Visualization myths around Snow’s cholera map

Choleramap

Thanks largely to Tufte's evangelization, John Snow's map of the 1854 cholera outbreak in Soho has become the classic example of the power of visualizations. I've just finished Steven Johnson's The Ghost Map that tells the story behind the graphic, and it's surprisingly different from the simplified explanation that usually accompanies the picture.

The map wasn't that innovative

Snow wasn't the first person to draw these kinds of maps, he wasn't the first to draw them to track disease, and in fact he wasn't even the first person to map this particular outbreak! The Sewer Commision produced a very detailed map showing the death locations. The power of Snow's version came from his decision to leave out a lot of details (sewer locations, old grave sites, etc) that cluttered up the Commision's version. Their map was so muddled that it didn't tell a story, but Snow's was stripped-down to show exactly what he needed to bolster his theory that the epidemic spread from the water pump.

The only technical innovation that Johnson identifies was his use of boundary lines to mark the areas that were closest to particular pumps by walking distance, to demonstrate that many of the cases nearer to other water sources as the crow flies were actually in the catchment area of the Broad Street pump. Unfortunately that version of the map is rarely shown, and Tufte himself dismisses it as "Voronoi baloney"!

Theory came first

From the popular account it's easy to imagine that Snow plotted the deaths on his map, then the pump locations, and that triggered a revelation. In fact he'd been fighting for a decade to prove that cholera was a waterborne disease, not spread atmospherically as the miasma theory claimed. He'd already gathered a lot of evidence from the differing rates of the disease amongst neighbors using piped water from different suppliers. It was a tool for "hypothesis testing" not "hypothesis generating".

Data gathering was the key

Together with the Henry Whitehead and local doctors, Snow spent weeks going door-to-door gathering detailed information from area residents. He was then able to present that data as evidence for his theory in a variety of forms, including anecdotal case histories, numerical analyses and his maps. The key was that this hands-on experience with the raw data gave him the story he wanted to tell, and then he was able to make his argument using a variety of different presentation tools.
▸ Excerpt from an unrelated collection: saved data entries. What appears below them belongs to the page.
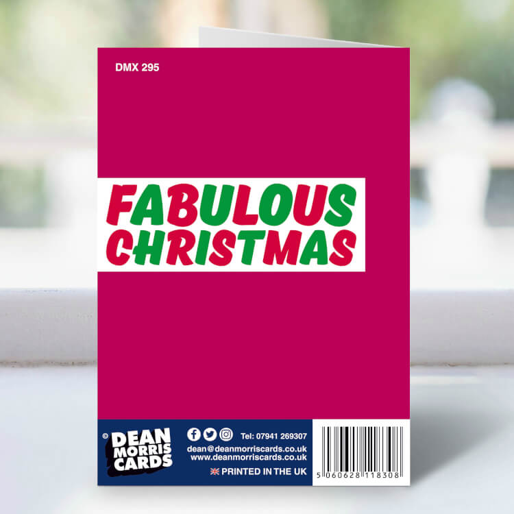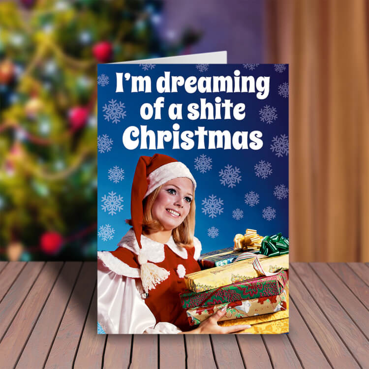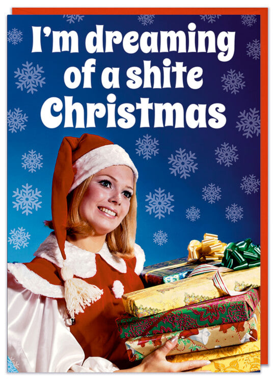 A Christmas card with a retro picture of a smiling young woman dressed as Santa's elf helper holding a bunch of presents. Whimsical text above her reads I'm dreaming of a shite Christmas.
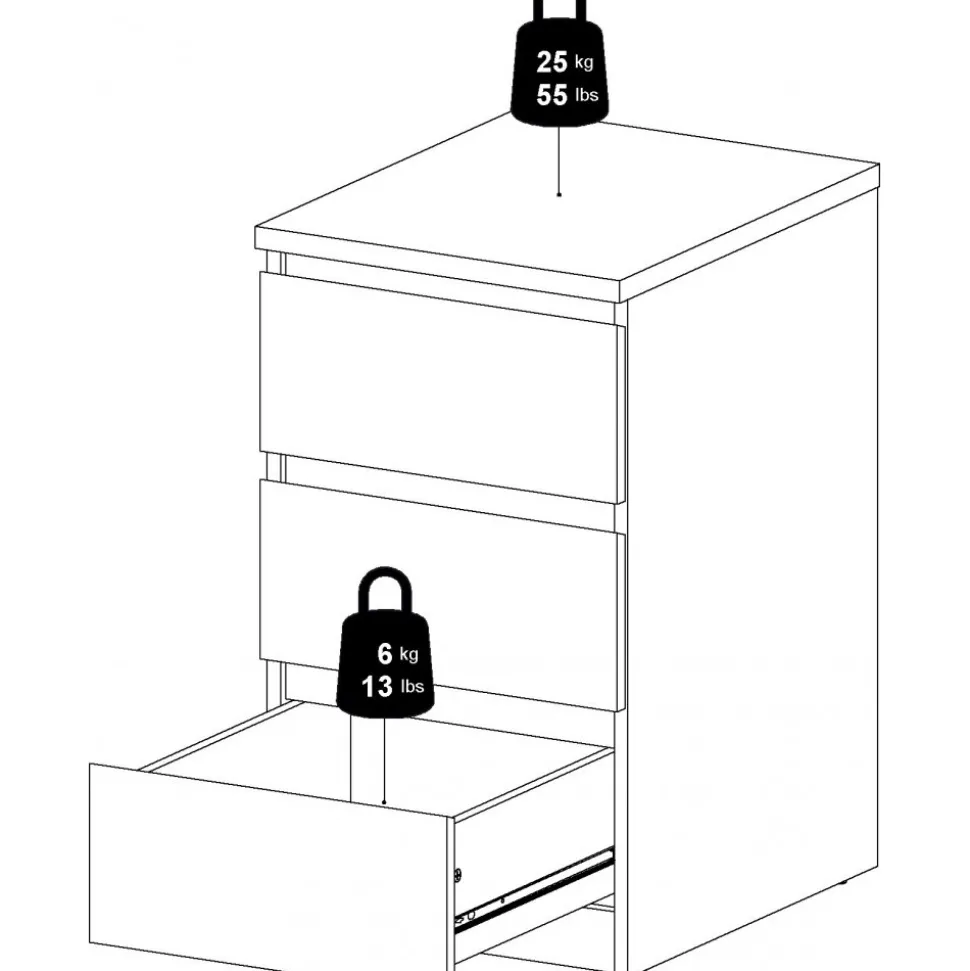 Byrå av trä med kantband av melamin och ABS-plast.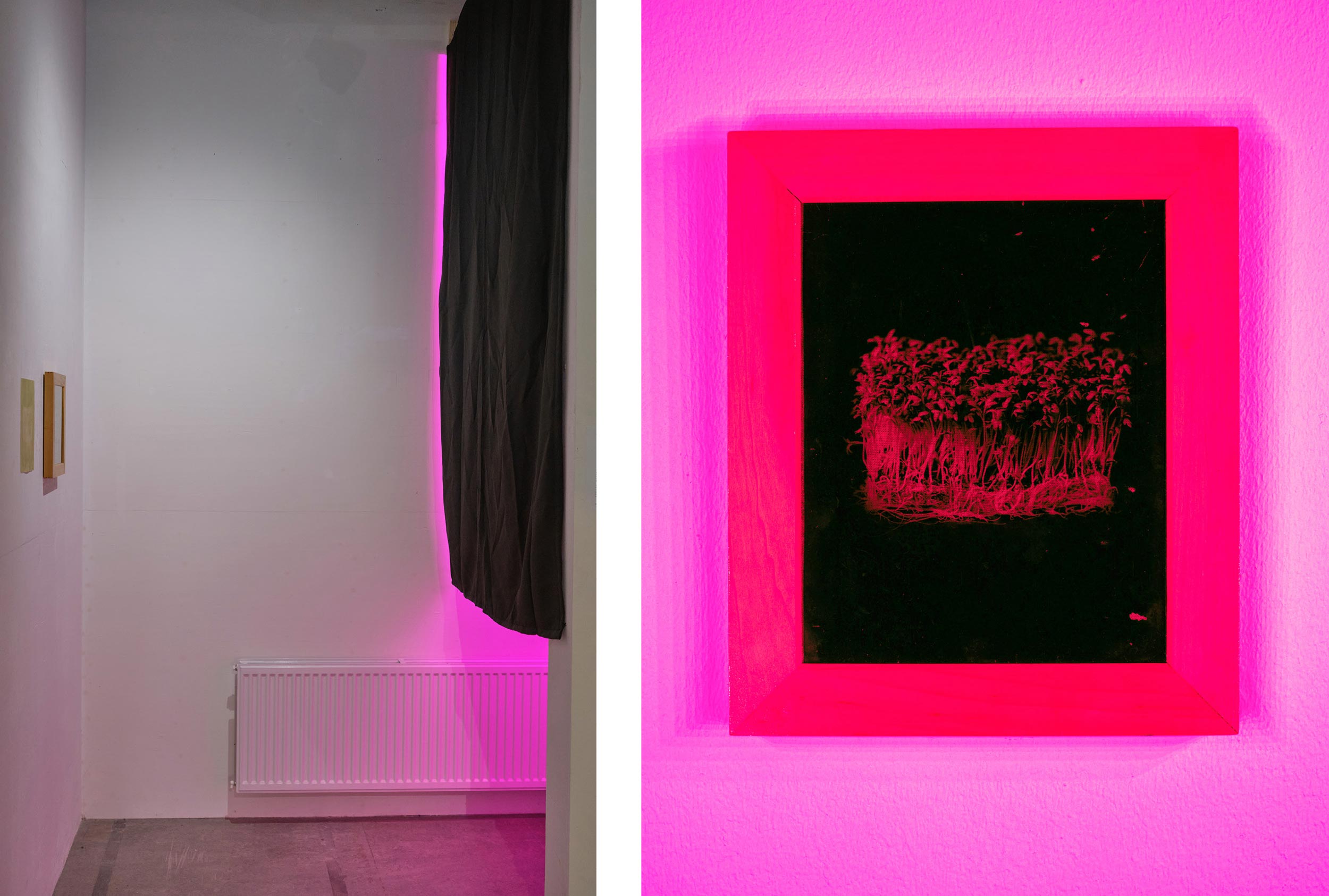 In the background of the simulated pink room, an audio recording of night-shift labourers plays. Their voices recount the working conditions within the ethereal glow that forces plants to grow through the night, producing chlorophyll and, ultimately, a market-ready product.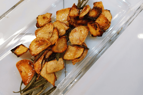 В форму для запекания переложить имбирь, чеснок и розмарин.

These two ideas are essential points for my work; a lot of the recent approaches to visualization assumes that you can give ordinary people simple map or graph creation tools, and they'll be inspired to create powerful graphics. With OpenHeatMap I've concentrated on people who already have a story to tell; journalists, activists and other people who are highly motivated to make an argument. It's about empowering people who are looking for a solution, not hoping that we'll turn passive observers into active participants just by handing them the tools.

The map became marketing

The actual story and evidence behind Snow's work is complex and hard to explain. As his theory became widely accepted as a massive historical advance, the map came to stand as shorthand for the story behind it. After that, it was easy to imagine that the graphic was the central evidence of his report on the outbreak. In fact it was just one piece of evidence, but it was so accessible and easy to use as an illustration that it spread slowly but virally through different publications. As Johnson puts it in his book "the map was a triumph of marketing as much as empirical science".

This is something I've seen in my own work too. Visualizations are fantastic at engaging people, everyone loves maps. When it comes down to detailed analysis though, a spreadsheet or other list-based interface is almost always better. Maps and other visualizations tell stories so well because of how much they leave out, but textual representations still rule when it comes to actually working with the full data. Think of your visualizations as powerful marketing tools, as bait to get people in the door, but expect to offer them something deeper when they want to work with that data.

There's a lot more to the story than I can cover here, so if you've got any involvement in data analysis or visualization you should pick up The Ghost Map, it's full of so many lessons and is a gripping read on top. I also recommend this short academic paper "Essential, Illustrative, or . . . Just Propaganda?" that argues for a different perspective on Snow's work than both the traditional popular account, and Johnson's revised approach.